5/23/2018 – Lenoir awarded EPA grant to study brownfield sites

Posted on: May 23rd, 2018 by admin


May 23, 2018


By Virginia Annable
(Lenoir) News-Topic


Old, empty factory buildings sit on prime real estate scattered through Lenoir, brushed aside by potential buyers because of the possibility of contamination left behind by the manufacturing years ago. That all may change with a new grant from the Environmental Protection Agency.


After applying three years in a row with no luck the first two times, the city of Lenoir received a $300,000 grant from the EPA to study brownfields, sites that may have contamination but haven’t been studied yet — an unknown that turns off investors.


Studying the sites would involve testing groundwater and soil for contaminants and chemicals left behind by manufacturing in years past and to research the history of the sites to determine what they’ve been used for and where hazardous materials might be left behind.


The implications of the grant goes far beyond environmental cleanup, said Greg Icenhour, a consultant from Mid-Atlantic, an environmental engineering consulting firm, at the Committee of the Whole meeting.


“It’s money to essentially address blight in your community,” he said. “It’s really an economic development tool.”


The city has 19 sites listed as brownfields, but more than likely about five will be studied with this grant, Icenhour said. Because it’s an annual grant, Lenoir could apply for it again once the money is used up.


Once those sites are studied, the city will know if there is contamination or not, making developers more likely to buy if there is none. It also clears the way for a brownfield agreements with the state through the N.C. Brownfields Program, which takes liability for contamination off any new owners.


If there is contamination, the Brownfield Assessment Grant money could lead to clean-up grants for sites that have hazardous waste.


The sites include the old Bost Lumber property on the west end of downtown, the Singer Furniture facility on Norwood Street, and the Blue Bell Inc. building on College Avenue.

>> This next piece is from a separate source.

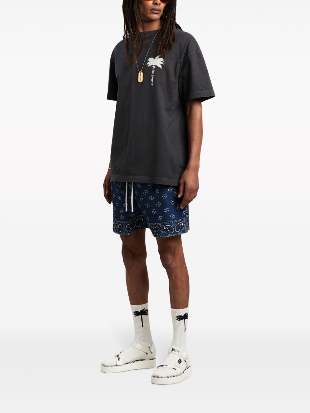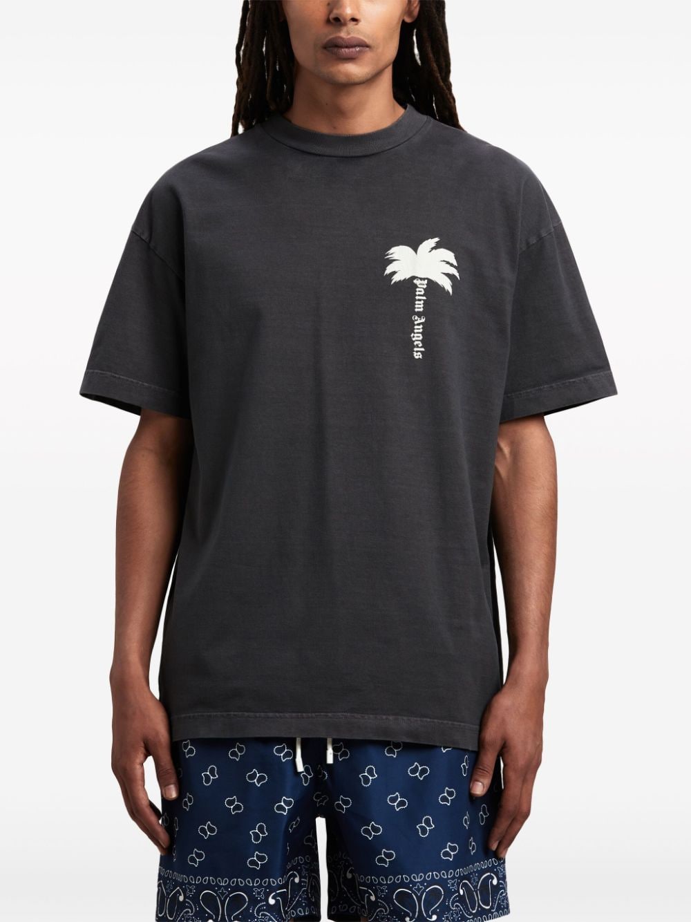 Gris foncé / casque cassé Coton Palm Print Crew Nou à manches courtes

Once they are studied, which will start in October when the money comes in and could last up to three years, the city hopes to get the properties sold and developed.

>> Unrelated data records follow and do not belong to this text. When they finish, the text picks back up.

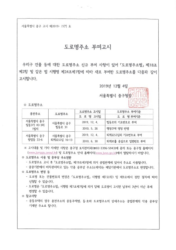 | 분류 | 일반공공행정 > 일반행정 > 주소정책 > 도로명주소 부여 및 폐지 고시 | ||
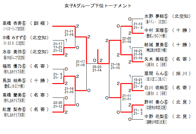 | GAL-6 | 心奏羽B.C.[名寄] | 白川咲絢D | 2 | 15-21 21-17 21- 9 | 1 | 扇間らんD | 旭川近二[旭川] | |
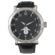 Uhr, Vintage Männeruhr mit schwarzem Lederarmband
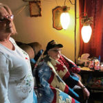 Around the shoulders of this World War II veteran was draped a special quilt, a Quilt of Valor presented to him because he was involved in a war.

“These grants can help stimulate private investment in these areas,” Icenhour said.


The city will chose exactly which sites will be selected with input from the community, said Radford Thomas, director of public utilities.

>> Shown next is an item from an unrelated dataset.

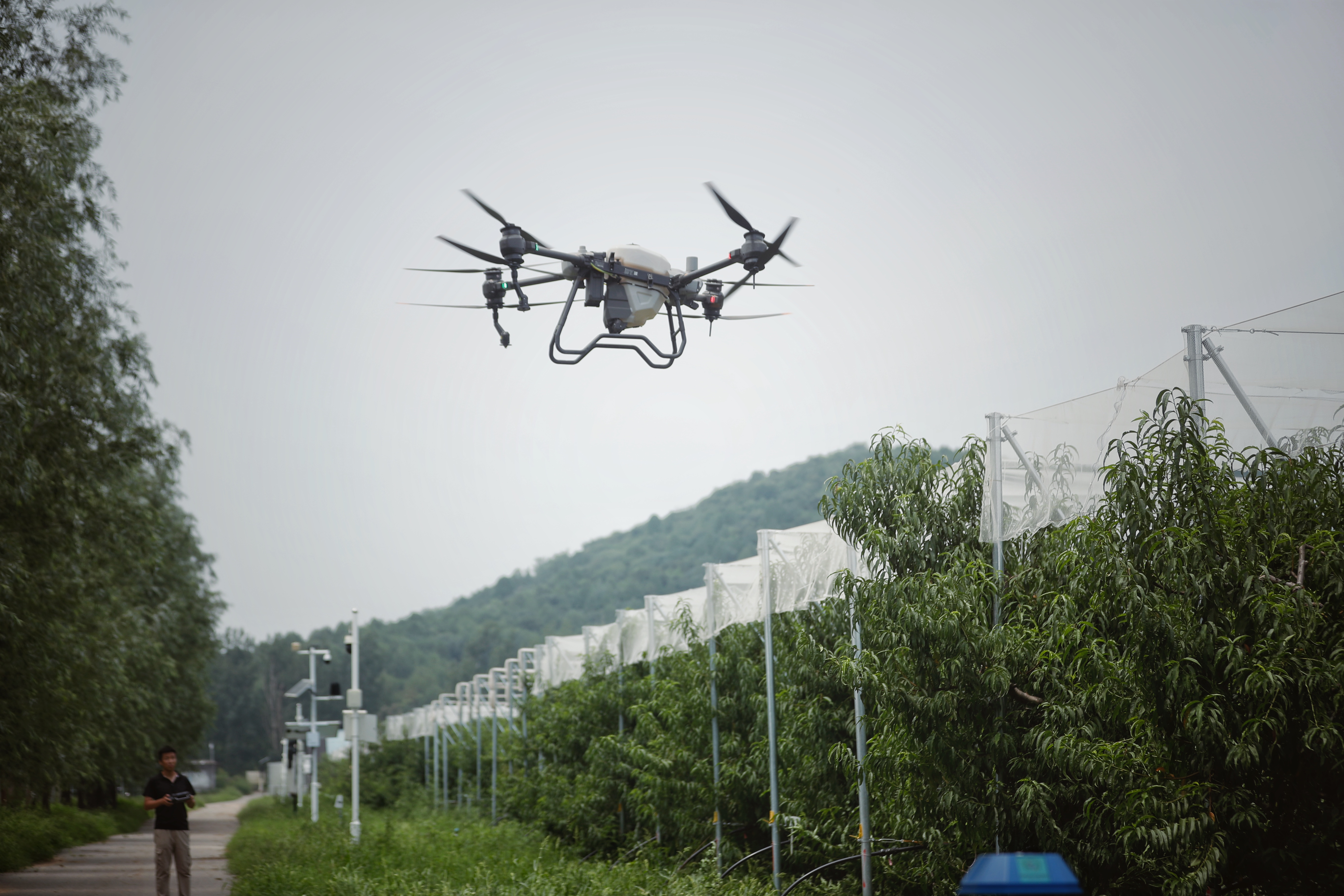 2023年8月8日,平谷区峪口镇未来果园博士农场,一架无人机起飞,对果树进行施药养护。新京报记者 薛珺 摄

Planning Director Jenny Wheelock said the grant ties in well with the Fairfield South area plan, which paints a vision of arts, businesses and residential growth in the southwest part of downtown Lenoir, where a few old factory sites are.


“We can throw idea around but until we know a cost we don’t know how to get there — this is going to help with that,” Wheelock said.


Some of the buildings were also put on a list to potentially be on the National Historic Register, Wheelock said.


With the brownfield assessment grant, the historic background and the recent designation of several areas of Lenoir as Opportunity Zones by the U.S. Treasury Department, which does away with capital gains taxes, several of these old factories are poised to be developed, said Councilman Ben Willis.


“I think this is a really big deal,” he said.